Generalized linear models (GLMs) with gamma distribution were constructed to evaluate healthcare services, healthcare, and long-term care costs among each variable. We calculated the number of inpatient and outpatient days, costs of healthcare services, and long-term care costs per month, using records from the database during this study period and the number of follow-up months. The independent variables were physician visit frequency, sex, age category, residential facility, long-term care level, mortality, and comorbidity. The reference measures were a lower frequency of physician visits, male, aged 75–79, home resident, no long-term care level, no morbidity, and no comorbidity.
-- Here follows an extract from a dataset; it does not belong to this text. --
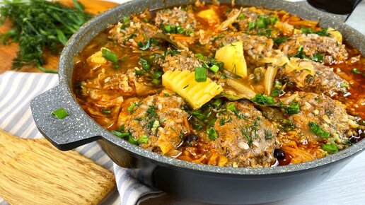 Беру фарш,картошку и капусту и закладываю в сковороду слоями: вроде бы продукты простые,а так вкусно (чем-то похоже на голубцы)

Following these analyses, we calculated the marginal means of days (each separately: inpatient and outpatient days for all diseases, inpatient and outpatient days for PD) and marginal means of cost (each separately: total of healthcare and long-term care costs, healthcare and inpatient costs for all diseases, healthcare and inpatient costs for PD, and long-term care costs, USD 1 = JPY 110) per month, per participant. Inpatient and outpatient days were assumed, except for participants with healthcare institutes for resident facilities.
We used Microsoft SQL server Management Studio 18 software to extract the data and Stata BE 17.0 (StataCorp LLC, College Station, TX, USA) for the analyses.
This study was approved by the Institutional Review Board of Kyushu University (Clinical Bioethics Committee of the Graduate School of Healthcare Sciences, Kyushu University).